KARACHI: Ethnic, sectarian and politically linked violence in Karachi has killed at least 300 people so far this year, a human rights organisation said on Tuesday.

Parts of the country’s financial capital have become battlegrounds in the last week, with authorities unable to prevent spiralling violence blamed on activists from political parties representing competing ethnic groups.

“About 300 people have been the victims of violent shootings in the last three months,” Zohra Yusuf, chairwoman of the Human Rights Commission of Pakistan (HRCP), told AFP.

The HRCP previously said 1,715 people were killed last year in sudden flare-ups of violence in the city, which is Pakistan’s most populous.
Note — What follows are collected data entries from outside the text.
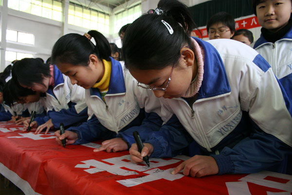 高2006级开展“将响亮的名字写在诚信的答卷上”签名活动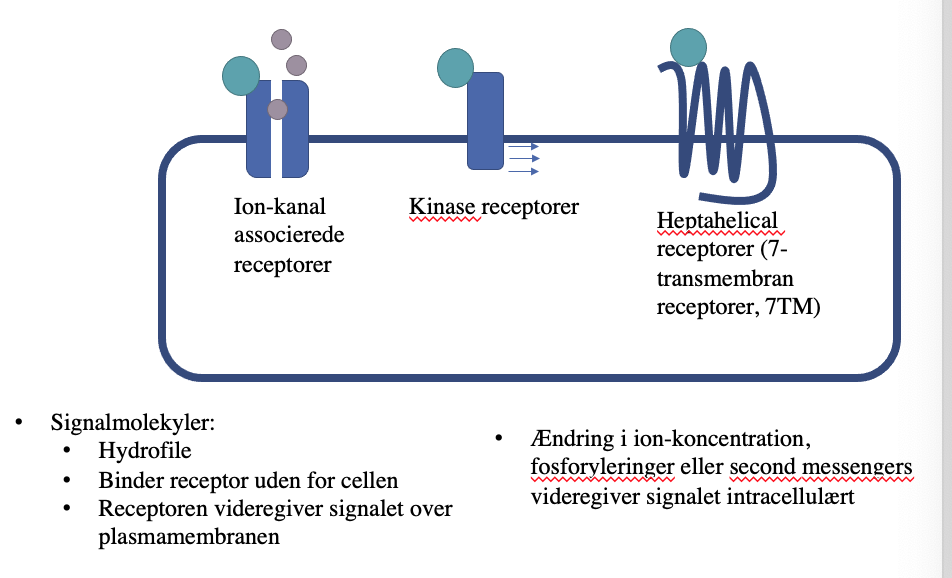 Sidder på overfladen, er target for hydrofile signaleringsmolekyler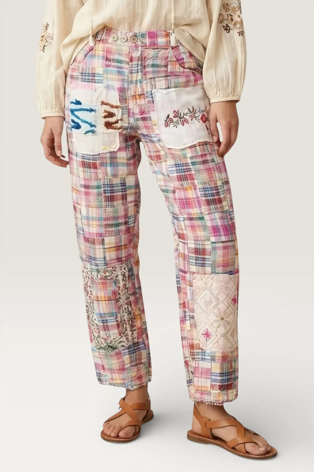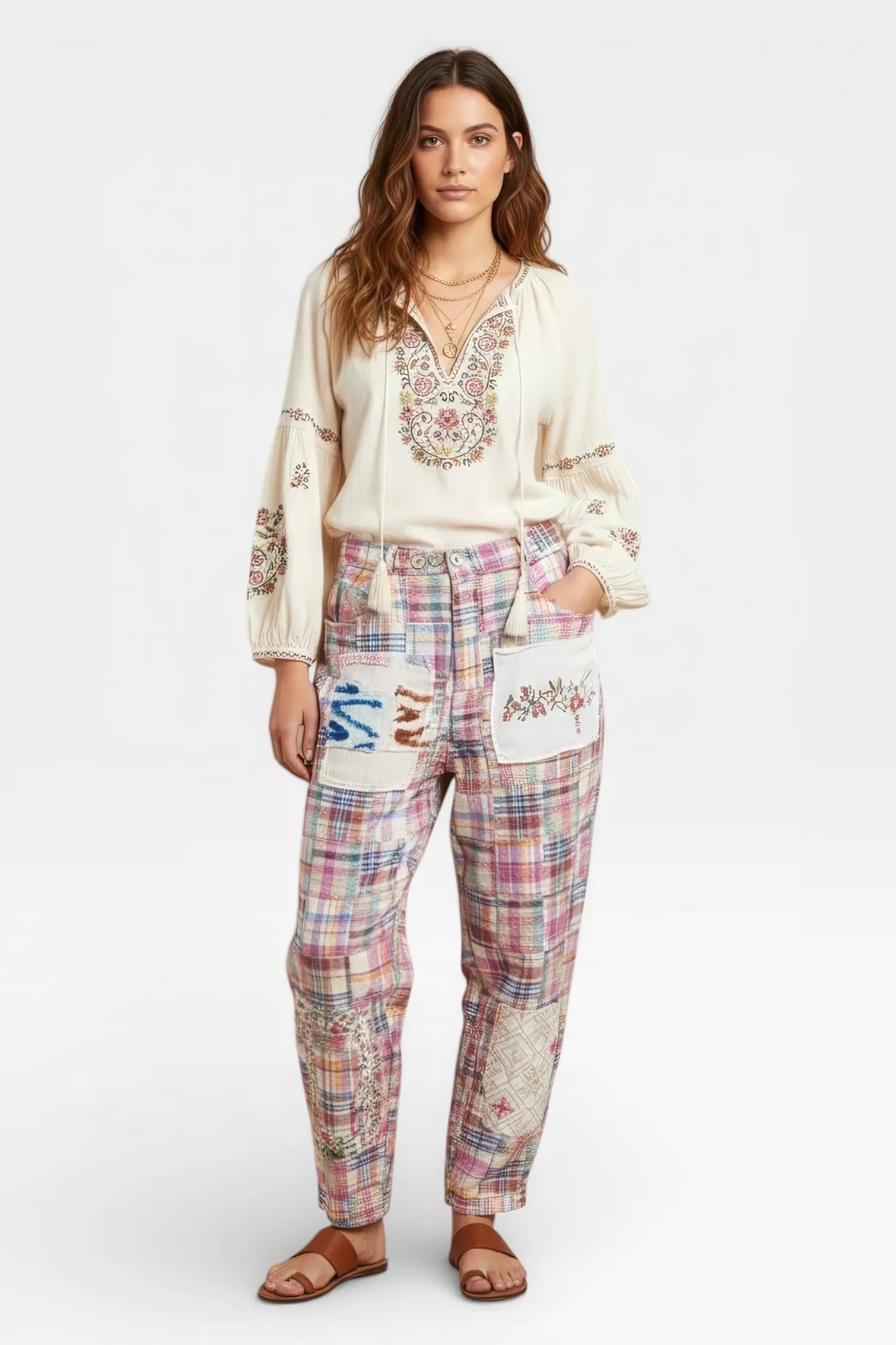 - Front loop button closures and tie closure at neckline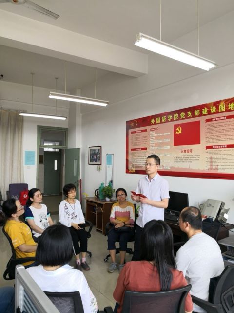 本网讯 5月29日,外国语学院召开党员大会,院党总支书记林莉兰传达了校党函〔2019〕48号《关于深入学习贯彻落实<中国共产党支部工作条例(试行)>的通知》,结合院党总支理论学习中心组学习《条例》情况,就各支部做好《条例》学习研讨进行了部署。林莉兰还传达了院党总支中心组根据《条例》制作的《党支部年度工作节点表》,并进行了讲解。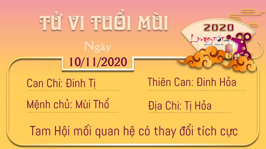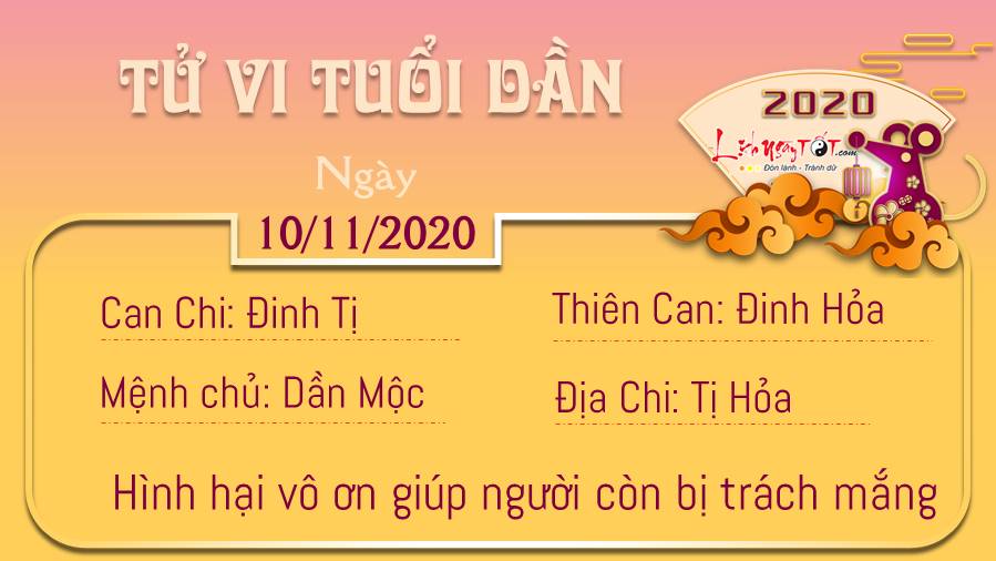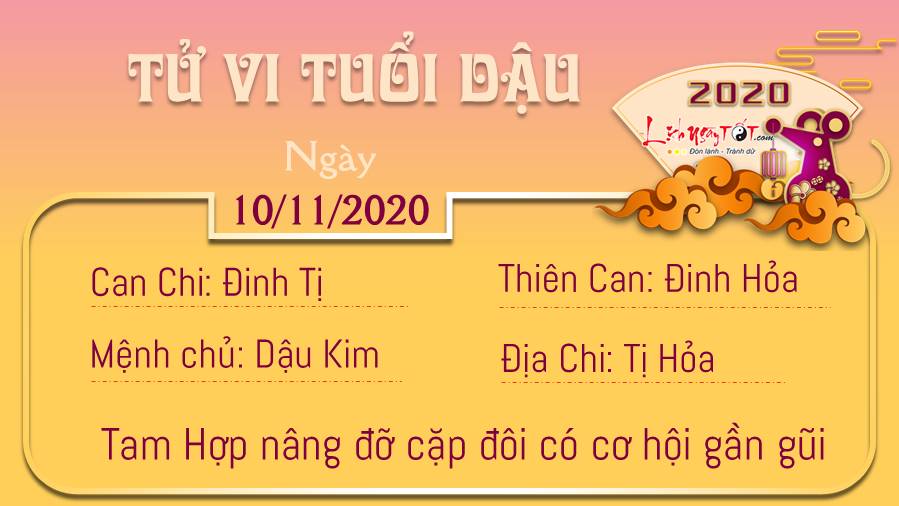 Thiên Ấn giúp cho người tuổi Mão linh hoạt, nhanh nhạy hơn trong việc xử lý các vấn đề diễn ra trong ngày hôm nay. Có thể những sáng kiến của bạn có thể giúp thay đổi cả toàn bộ sự việc, giúp cho bạn sớm hoàn thành nhiệm vụ được giao hơn bao giờ hết. Ngũ hành tương sinh có thể là cơ hội chấp cánh cho tình yêu của những ai đang độc thân. Những buổi đầu hẹn hò lãng mạn sẽ mang lại cho bạn nhiều niềm vui và hi vọng. Người có đôi có cặp sẽ có nhiều cơ hội gia tăng tình cảm thông qua cuộc gặp gỡ bạn bè, đi dã ngoại cùng nhau. Ngày 10/11/2020 là ngày Ngày Dương công kỵ được xem là ngày xấu đối với khởi tạo; an táng; khởi công động thổ; xuất hành.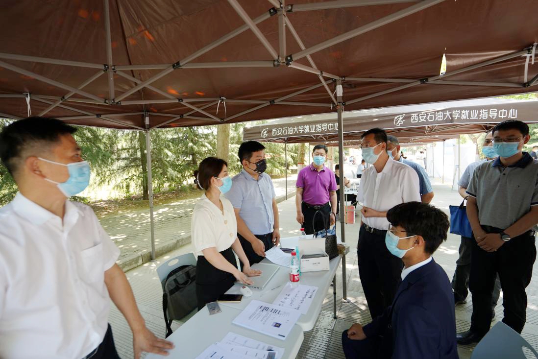 6月1日上午,由陜西省人力資源和社會(huì)保障廳、陜西省國(guó)有資產(chǎn)監(jiān)督管理委員會(huì)、陜西廣電融媒體集團(tuán)主辦,陜西省人才交流服務(wù)中心、西安石油大學(xué)承辦的“公共就業(yè)服務(wù)進(jìn)校園——省屬國(guó)企穩(wěn)就業(yè)高校畢業(yè)生專項(xiàng)招聘會(huì)”在我校鄠邑校區(qū)舉行,陜西延長(zhǎng)石油集團(tuán)、陜煤彬長(zhǎng)煤礦、西北有色集團(tuán)713總隊(duì)有限公司等18家省內(nèi)重點(diǎn)企業(yè)參會(huì)。陜西省人力資源和社會(huì)保障廳副廳長(zhǎng)井海濱、就業(yè)促進(jìn)處處長(zhǎng)王曉龍、陜西省人才交流服務(wù)中心畢業(yè)生部部長(zhǎng)李陽(yáng)蒞臨現(xiàn)場(chǎng)視察指導(dǎo)工作。校黨委副書記張木、相關(guān)職能部門負(fù)責(zé)同志現(xiàn)場(chǎng)陪同。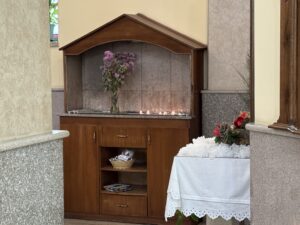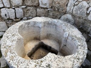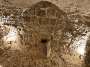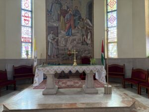 Pastor Erik and Rich visited a Catholic church in Taybeh today. This community is one of the last all Christian communities in Palestine. It has three active congregations which share in ministry together by doing joint youth ministry, providing jobs for people to work in farming and tourism, and provide pastoral support during times of danger. Taybeh holds the tradition of being the location of Ephraim where Jesus went to hide from people who wanted to kill him (see John 11:54~). The tradition holds that upon coming he received a pomegranate, which has become a Eucharistic symbol for the town. The church also had a little cave house that is similiar to what people may have lived in during Jesus’s time.

“The figures compiled by our staff and the death toll for the last three months confirmed by the police shows the number of victims of violence was not less than 300,” Yusuf said.

The figures include the assassination of 49 political activists, while the rest of the victims were people with no political affiliations, the HRCP statement said.

The government has campaigned to end the clashes and deployed hundreds of additional police and paramilitary forces in the city, but the killings have continued with at least 24 people reported dead in the past week.

Much of the violence has been blamed on tensions between supporters of the Muttahida Qaumi Movement (MQM), rooted in the Urdu-speaking majority, and the Awami National Party (ANP), which represents ethnic Pashtun migrants.